Real Hope…came, here, coming

Hope_Is_On_The_Way

In the Christian calendar, today is the first Sunday of the season of advent, a four week period celebrating the coming (advent means coming) of Jesus to earth. During the first week of this holy season, we are encouraged to focus on hope. That’s a tricky task given the common use of the word hope in American culture. We usually use the word to refer to something that is highly unlikely to occur like “I hope I win the lottery” or “I hope I make a hole-in-one.” However, the biblical concept of hope is much different. That hope is a confident expectation of something not yet realized. In other words, in the Bible, hope refers to something that is guaranteed to happen. For thousands of years, the Jewish people had this kind of hope that a messiah was coming based on the many biblical prophecies predicting his coming. Tragically, when Jesus the Messiah came, fulfilling literally hundreds of Old Testament prophecies, most of those Jewish people who had been hoping for God to intervene in the world, did not accept the way God intervened. Thus, they missed the coming, or advent, of the very thing for which they had hoped.

What about us today? We believe Messiah came about two thousand years ago. And for those who have put their faith and trust in Jesus as their savior, we believe that we are already saved. So, for what do we now hope?

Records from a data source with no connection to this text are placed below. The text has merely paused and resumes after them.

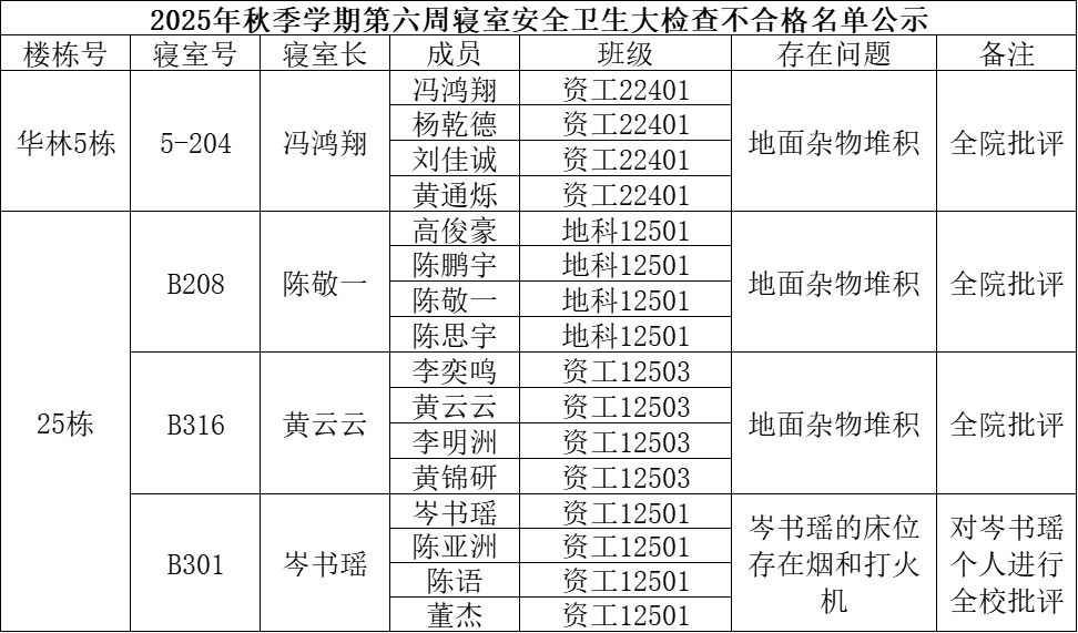 为加强员工宿舍安全管理和文明建设工作,确保员工宿舍安全、整洁、文明、有序,根据公司要求,公司于10月16日开展了第6周员工宿舍自查工作,现将检查情况通报如下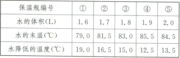 来反映保温瓶的保温效果, 这种研究方法称为转换法.(2) 分析实验数据可以得出初步结论: 在其他条件相同的情况下, 水量少于 $ 1.9L $ 时, 水量越多, 其保温效果越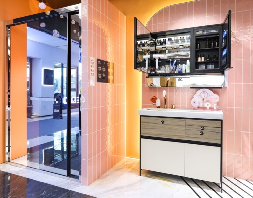 全新亮相的一站式梳洗体验空间——科勒美妆空间,是科勒首度将美妆需求融入卫浴场景,迎合新时代年轻女性对于美妆护肤的强劲诉求,以及生活品质提升下,消费者对于卫浴空间多功能的需求。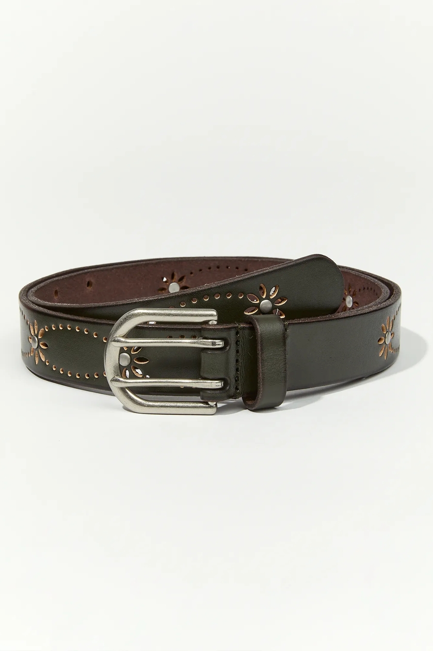 floral cut out leather belt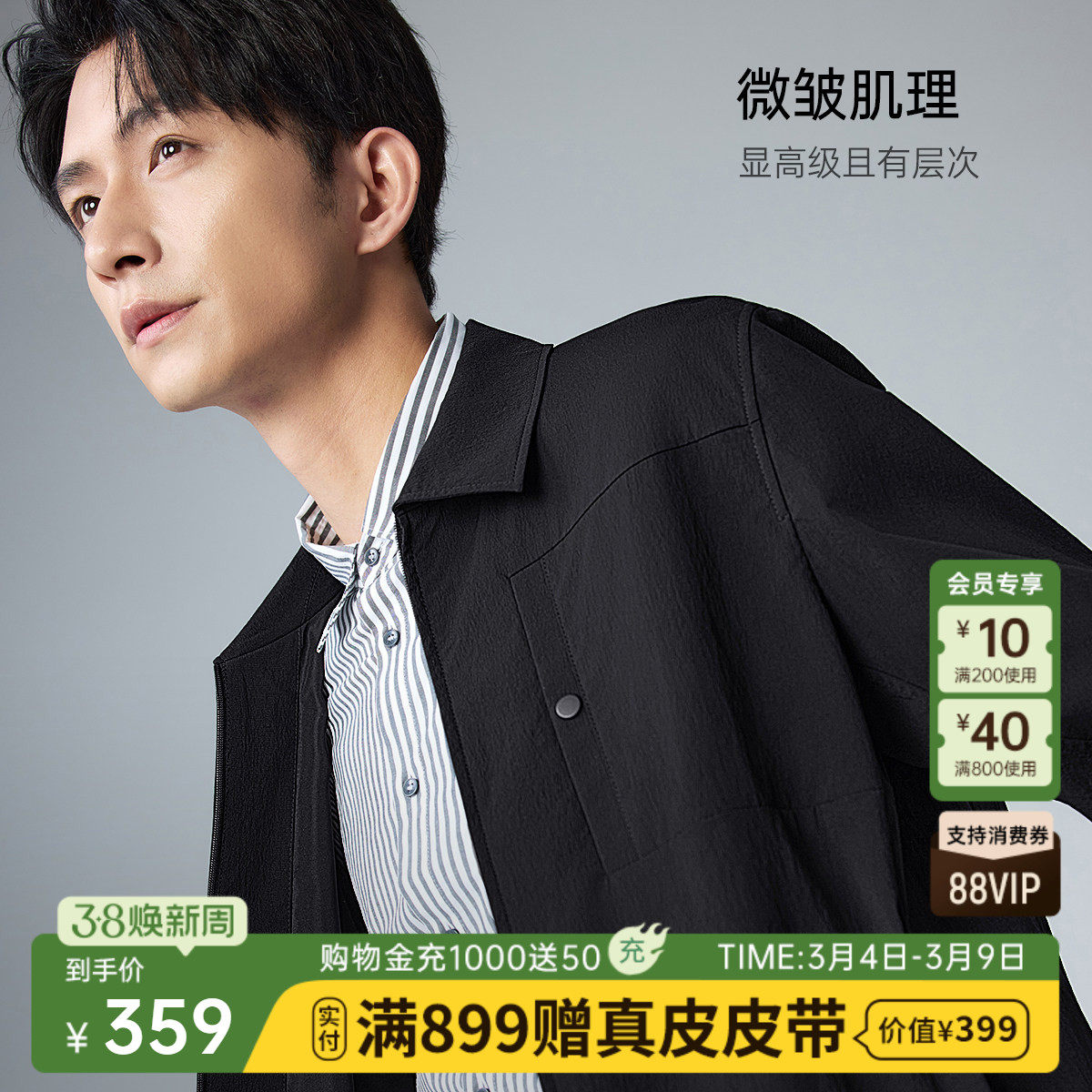 【薄款】利郎官方 夹克男士2026春季翻领纯色短款弹力口袋外套男

I would suggest several ways that advent hope is very relevant to us today. First, though our salvation is assured when we put our trust in Christ, it is not yet fully realized. The Bible in several places talks of the future tense of our salvation – “we will be saved.” So, in this season, we are reminded that we have a confident expectation that we will be ultimately saved and united with God forever in heaven. Hallelujah! Second, in remembering that Jesus came to earth, we also remember that He died, rose again, and returned to heaven. But He did not leave us alone. He sent Holy Spirit to be with us always. Advent and Christmas do not give us the confident expectation that life will be easy, comfortable, or as we would want it. They do remind us though that God not only came to earth long ago, but that He is with us right now! Whatever life is going to bring our way in this season or the next, we can know that God is with us. Again, hallelujah! Finally, the focus on hope in this first week of advent reminds us that we also have the confident expectation that the same Jesus who came on that first Christmas will one day come again. Hallelujah indeed! This hope of Jesus’ second coming should encourage us to share the gospel with urgency because we realize that those who do not trust in Jesus can never be right with God and will be eternally separated from Him.

So, the first week of advent’s emphasis on hope points us personally to our own salvation, binds us together through the Holy Spirit, and points us outward as missionaries to the lost who desperately need the Hope that came on that first Christmas. I pray that our first week of advent will be filled with true biblical hope as we prepare to celebrate His coming.